Heading the group is Mr Hosokawa, who recently ran for Tokyo governor on an anti-nuclear platform.

He was backed by another former Prime Minister Junichiro Koizumi, who also plays an important role in the organisation.

"First, we are against the restart of Japan's nuclear reactors. We want to transfer nuclear power to natural energy, build an economy that can capitalise on it and build a society where we do not have to worry about radiation,” he said.

Mr Koizumi said: "All nuclear plants have stopped, not only for 3 months, or 6 months, but for almost a year. Has Japan been unable to survive without nuclear power? We have prevailed.

“People may say I am a person of the past. But I will, with the generation of the future, work towards creating a country without nuclear power."

Joining them in the anti-nuclear drive is a long list of celebrities, including actors, authors, people from the music industry and local authorities.

Many feel it is important to remember the Fukushima nuclear crisis and the impact it had on many lives then, and today.

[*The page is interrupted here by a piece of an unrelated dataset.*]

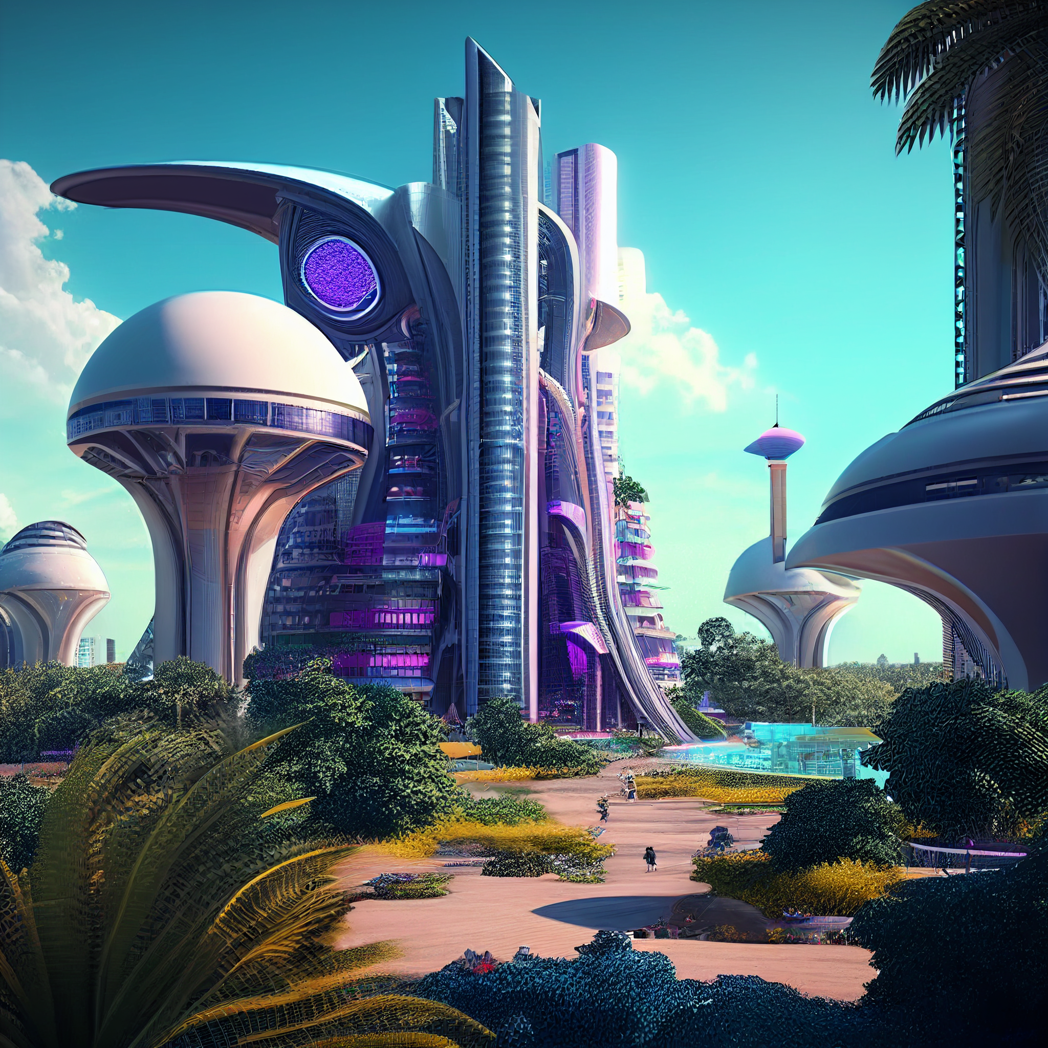 The image showcases a vibrant city filled with colorful futuristic buildings that rise majestically against the sky. A lively scene unfolds in a nearby park, capturing the essence of a modern urban environment where nature meets innovative architecture.

Rika Kayama, a practicing psychiatrist, said: "There were many who were psychologically hurt by the nuclear accident. Even in Tokyo, many suffered and it was the first time I experienced such a wave of patients."

However, it is unlikely that Mr Abe's stance on nuclear energy will change.

He has reiterated during his recent London trip that he has decided to restart Japan's nuclear power plants following safety checks.

Still, the group said it plans to hold regular meetings and forums, to generate momentum and pressure the government to stop the generation of nuclear energy in Japan.